Predictive coding of the statistical parameters of uncertain rewards by orbitofrontal neurons

Highlights

• •Statistical parameters of uncertain outcomes (expected value, risk, probability) are coded by single neurons in the orbitofrontal cortex.
• •Orbitofrontal neurons code an integrated expected value signal.
• •These parameters are predominantly coded by separate subpopulations of orbitofrontal neurons.

Abstract

Uncertain reward outcomes are characterised by statistical parameters that capture the numerical values of the underlying probability distributions of reward values, including the expected value, risk (variance) and probability. Here we show coding of an integrated expected value signal by single orbitofrontal neurons in response to visual cues predicting uncertain rewards. Separate subpopulations of orbitofrontal neurons predominantly code the prediction of one statistical parameter with few neurons showing combined coding. These signals are likely combined with subjective value signals to inform learning and decision making under conditions of uncertainty.

1. Introduction

Decision making under conditions of uncertainty requires processing of multiple variables relating to possible outcomes. Models of decision making suggest that the first two central moments of reward probability distributions, namely expected value and risk, are key parameters for decision-making processing mechanisms. It is therefore a fundamental requirement of brain systems to accurately process these variables in order to guide efficient choices.

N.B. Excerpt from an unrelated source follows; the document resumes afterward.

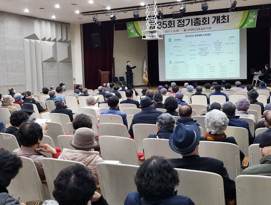 본 지회는 지난 3월 16일 송파여성문화회관 6층에서 '제35회 정기총회'를 개최했다. 파크하비오 박종기회장의 노인강령 낭독을 시작으로 윤병오지회장의 인사말과 박신규감사의 '2022년 회계감사보고'가 이어졌다.
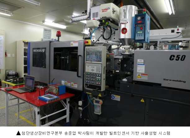 한국기계연구원 첨단생산장비연구본부 송준엽 연구팀은 금형 내부에 내장센서를 달아 온도, 압력 등 데이터를 직접 측정하고 분석하는 '똑똑한 사출성형 시스템'을 개발했다.

Blaise Pascal’s development of probability theory in the 17th century recognised that by calculating the likelihood of different outcomes from a gamble, value (v) and probability (p), an informed decision maker could choose the option that results in the maximum outcome [1]. This quantity, (v x p), known as expected value, equals the mean, average outcome from a range of possible outcomes (the first central moment).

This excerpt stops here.